Ваши шесть пунктов — не кредо. Это только шесть пунктов в защиту идущих у вас в кильватере эпигонов. О кредо нам еще предстоит когда-нибудь поговорить. Это из другой оперы. Вопросы о смысле литературной жизни, о технологии творчества, о законах развития фантастики, о связи фантастики, науки и литературы, о минимальных гражданских обязанностях писателя и т. д.
Вы хорошие и добрые люди. Но пока в литературе есть подлость и глупость, нужны — кроме хороших и добрых — хорошие и злые. Вроде меня.
Извините, что письмо получилось длинным. Я трижды его переписывал, сокращал. Когда отвечаешь на общие фразы, неизбежно наступает стадия, требующая один раз перевести все на конкретный язык.
Кроме того, я чувствовал, что в связи с присуждением «Гриадного Крокодила» впереди бури, и меня не спасет даже страховой полис. Сейчас прибыло новое письмо от Брандиса. Меня уже испепеляют громы и молнии. То есть молнии под грохот грома. Брандис, боюсь, не захочет передавать мой ответ разгневанным мужчинам. Поэтому, Борис Натанович, пожалуйста, передайте Вы. Я приложу ответ к этому письму
В случае чего — не поминайте лихом [подпись]
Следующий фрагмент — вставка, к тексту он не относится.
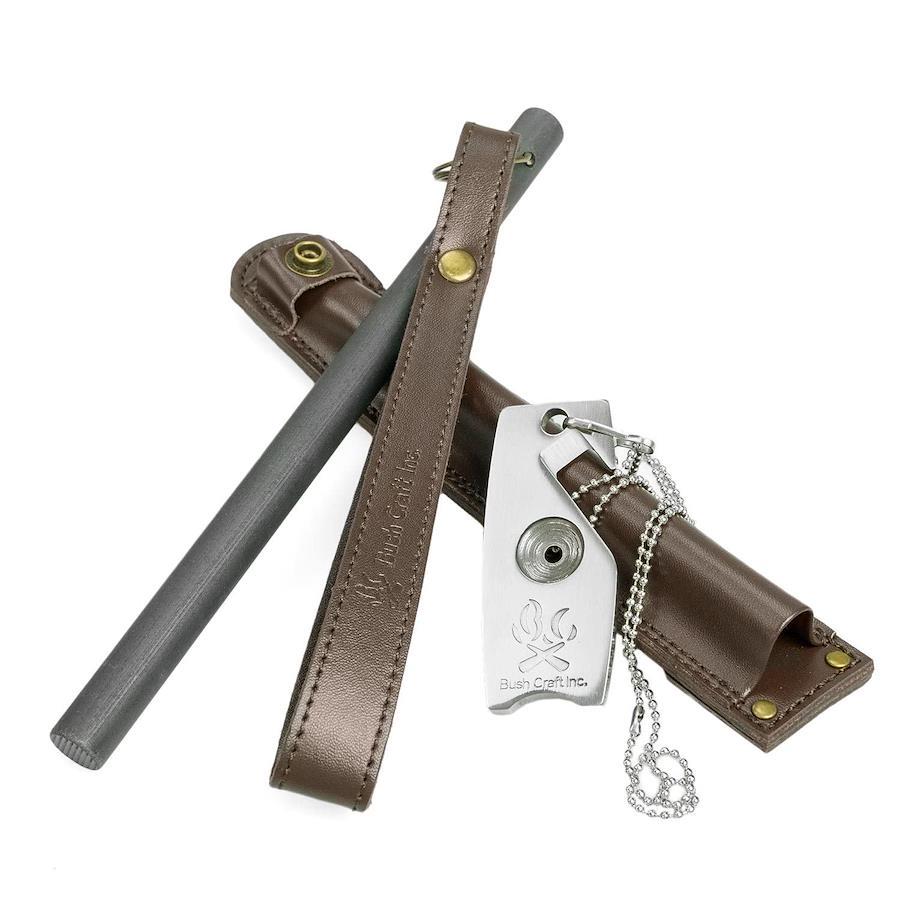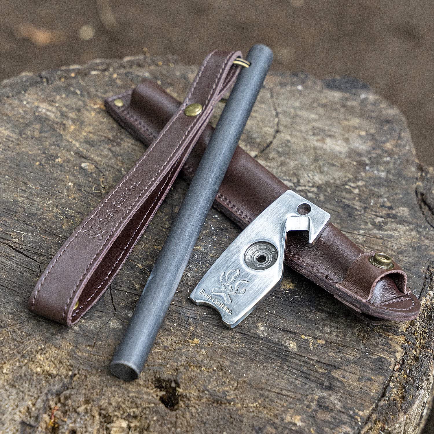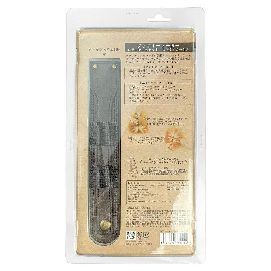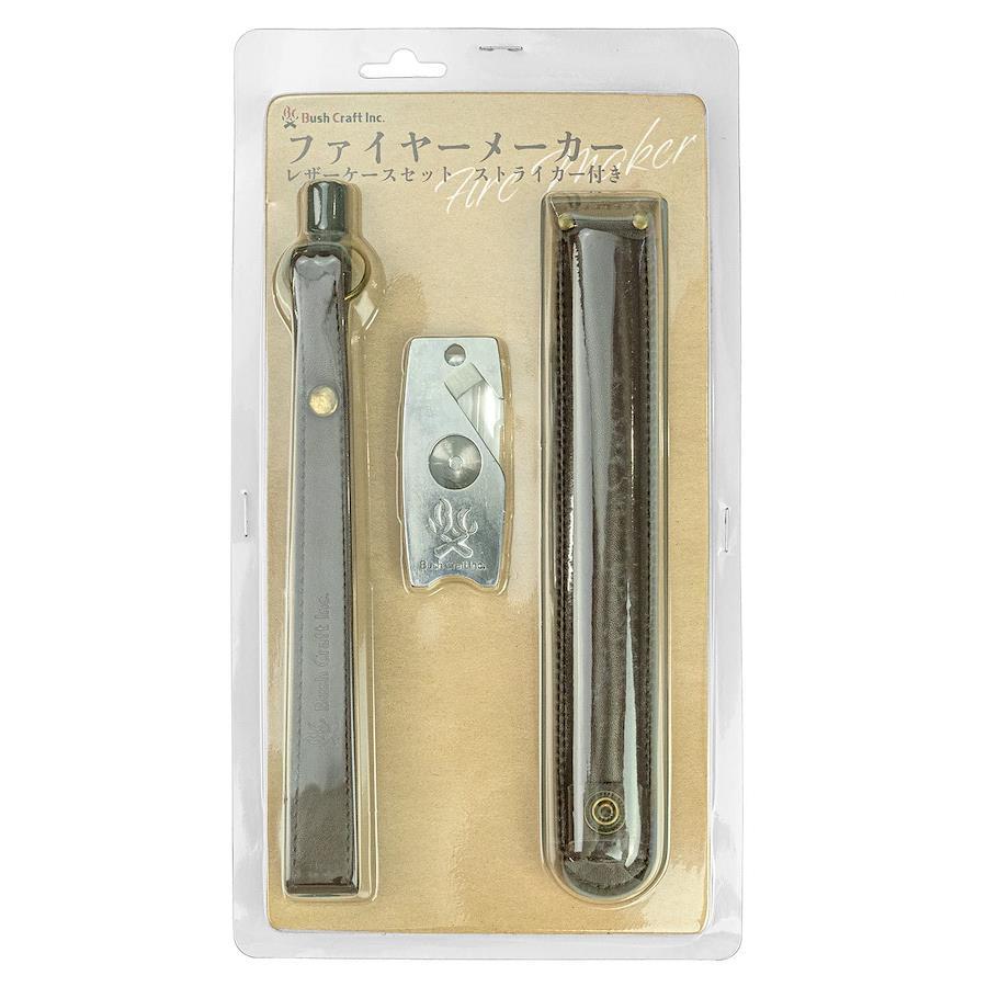 大好評のファイヤースチール&ストライカーが、シックなレザーケースとセットになりました。ベルトやバックパックに装着できるモールシステムに対応しています。※MOLLE(モールシステム)とは、「Modular Light Load-carrying Equipment」の略であり、1988年に発表されたIIFS後継として、陸軍や海兵隊で使われている耐荷重性の運搬装備システムです。【ファイヤーメーカー】攻撃的なまでに長大なロッドは、確実な火おこしを約束します。このサイズを活かすには、対象に押し付けるようにして保持し、長いストロークで擦ることです。初めから一発では着火しにくいことが分かっている対象なら、何度も連続してゴリゴリ削ってみてください。ブッシュクラフトファイヤーメーカー最大の特徴は、そのロッドストロークから来る『長持ち火花』です。新聞紙、コピー用紙、茶封筒、といった『紙』の類は通常の、『火花が飛ぶだけ』のメタルマッチでは、そのまま着火することができず、ナイフで毛羽立ちを作る等の工夫が必要でした。その点ファイヤーメーカーは、長いストロークで連続スパークを繰り返すと、火花が対象の上でしばらく持続して燃え続けます。約3,000℃の火種が、紙の上に数秒間停滞するのです。これにより、コピー用紙や新聞紙が、いとも簡単に着火できます。もう、火口がなくたって大丈夫。ファイヤーメーカーを使うと火口の概念が変わります。ポケットのレシートがそのまま火口になるのですから。【製品取扱上のご注意】※本品は焚き火やアウトドア用ストーブ等に使用する着火道具です。屋外にてご使用ください。※本来の目的以外で使用しないでください。※高温の火花が発生します。火傷にご注意ください。※本品は消耗品です。使用頻度等の理由により製品寿命には個体差がございます。※子供の手の届かないところに保管してください。

Р. S. Надеюсь, вы — в союзе писателей? Здесь мне не от кого узнать. Если в союзе, от души поздравляю.
Дорогой Боб.
Приехал я в Москву, побегал два дня по делам, и вот я заперт на даче. Условия здесь хорошие, вокруг леса, наш с тестем кабинет на веранде, от всех изолирован. Буду сидеть, переводить и думать о ХВВ.
Из всех твоих поручений не выполнил, пожалуй, ни одного. Насчет билетов узнать не у кого, все в разъездах. Конфекты Беле купить не успел, да это ладно, книжка выйдет, тогда воспользуюсь предлогом и преподнесу.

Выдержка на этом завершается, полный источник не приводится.